"Bring me that packet of cotton-wool, the little leather case, all the bandages, and the bottle with the red label, at once. Tell the trooper to fetch the others."

By the time he returned she had the handkerchief the trooper had bound round the old man's leg loosened.

"Open the case and give me the scissors," she said without a trace of excitement or nervousness in her voice.

She slipped a rent in the trouser and held the edges back, revealing a punctured wound out of which a red stream gushed. In a moment she had a wad of cotton-wool rolled and moistened it from the bottle with the red label, placing it with a firm light touch on the wound.

"While I hold this, cut the trouser leg right down," she said, and Harding, his own nerves steadied by the calmness of hers, did as she bid.

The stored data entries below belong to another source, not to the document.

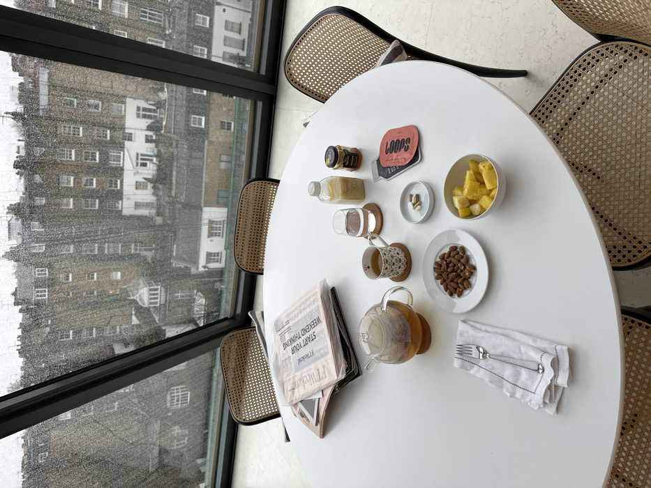The image depicts a high-angle view of a modern dining area in a building located in the city of London, United Kingdom. A large, angled window, visibly streaked with rain, overlooks a dense urban landscape characterized by traditional terraced houses with brick facades and varying rooflines. In the foreground, a white, round table is furnished with breakfast or snack items for one individual. Centrally positioned is a clear glass teapot containing amber-colored tea, accompanied by a patterned ceramic mug on a wooden coaster. To its right, a glass of water sits on another wooden coaster, next to a clear plastic bottle of yellow liquid (likely a juice or smoothie) and a small jar with amber contents, possibly honey or a preserve. A small white dish holds two brown capsules or pills. Two red coasters with "LOOPS" branding are stacked nearby. A white plate filled with almonds is positioned on the left side of the table, and a white bowl containing diced pineapple is on the right. A silver fork rests on a folded white napkin with red stitching. Partially obscured on the far side of the table is a folded newspaper, identifiable as "FT WEEKEND" (Financial Times Weekend edition) with the headline "START YOUR WEEKEND THINKING." Four chairs with natural cane backs and dark frames are arranged around the table, three of which are fully or partially visible. The flooring appears to be light-colored tile. No individuals are present in the scene.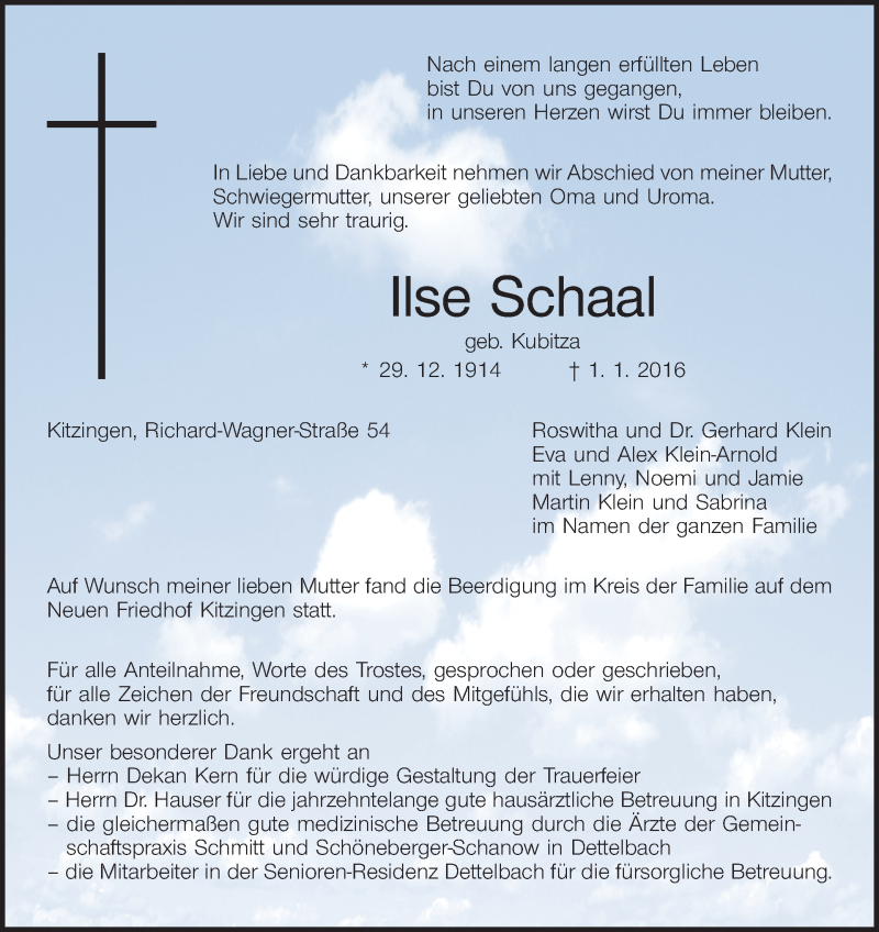 Hier finden Sie alle Traueranzeigen aus der Zeitung, die bisher für Ilse Schaal erschienen sind. Weitere Traueranzeigen, die in der Zeitung erscheinen, werden hier ebenfalls aufgelistet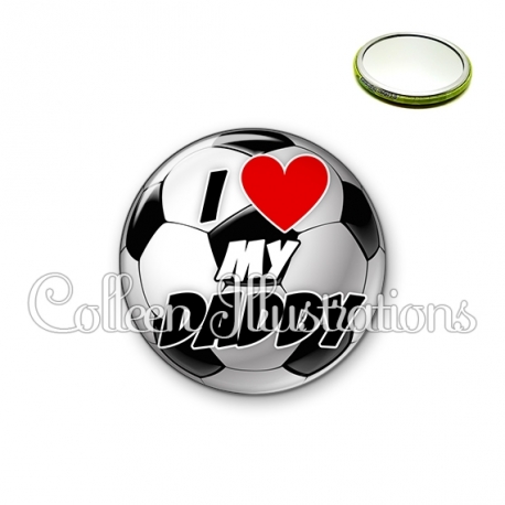 Image imprimée en haute résolution sur papier de qualité, protégée d'un film plastique, et sertie sur une coque métallique avec dos miroir. Une seule face, non grossissante.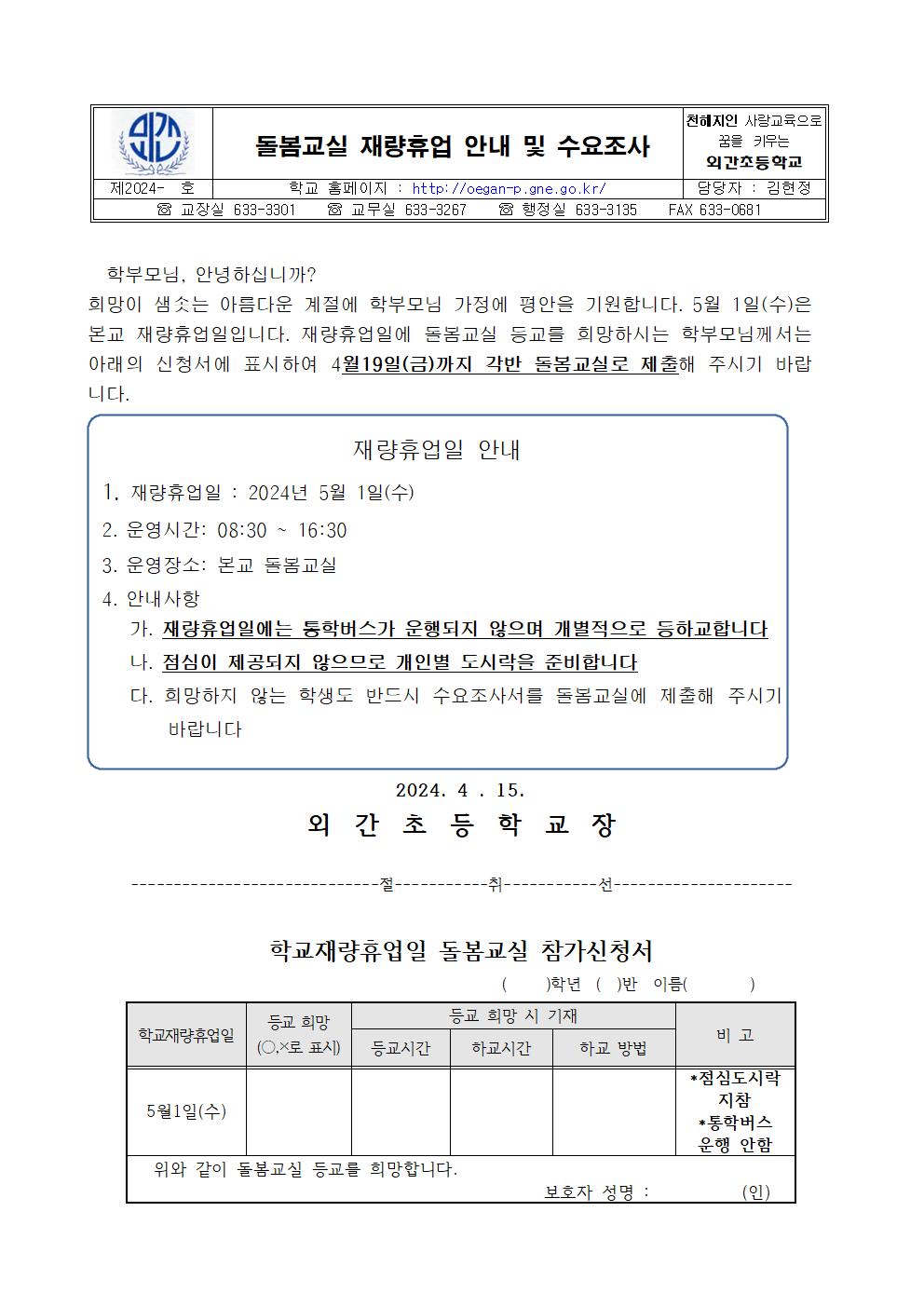 2024학년도 돌봄교실 재량휴업일 수요조사 가정통신문.hwp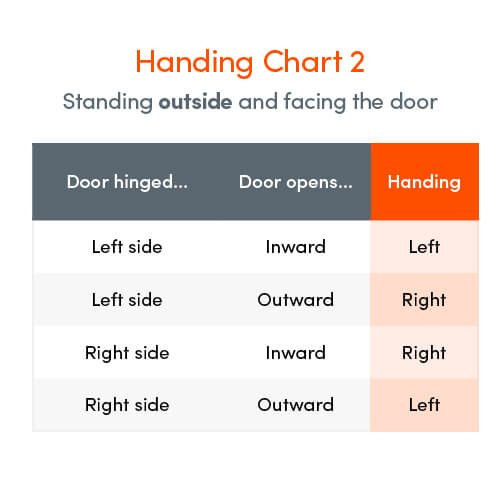 There are left and right hand options, see the handing charts 1 & 2 to ensure the correct hand is chosen.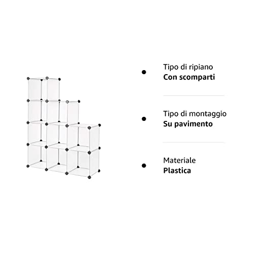 Dibea - Scarpiera modulare in plastica, con 9 Scomparti, 30 x 30 cm, Trasparente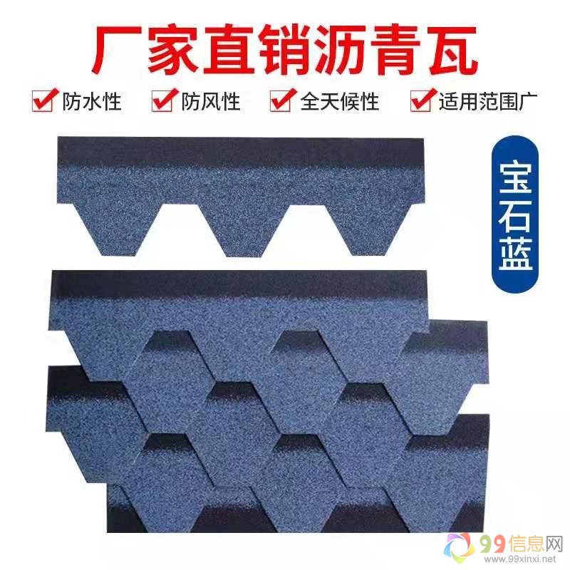 适用范围广:玻纤瓦是一种柔性瓦片,可自由裁剪,能成功覆盖于不同形状和不同基层的屋顶。适用屋面坡度从15°到90°来自www.99xinxi.net。广泛应用于别墅、排屋、多层、高层、木屋、平改坡等。

The trooper came over with the rest of the articles, and while she watched what Harding was doing she told him, quietly, how to prepare a lotion and bring it to her.

Gale came over as soon as he had secured his horses.

"Will you go down to the men's huts and see if there is a bunk where we can put him?" she said, looking quickly at Gale.

"Why didn't you think of that?" Gale exclaimed as he glanced at the trooper. "You ought to have taken them there at once."

"You had better go too," she added to the trooper. "Bring something back with you, a door or a table or anything that will do to carry him on."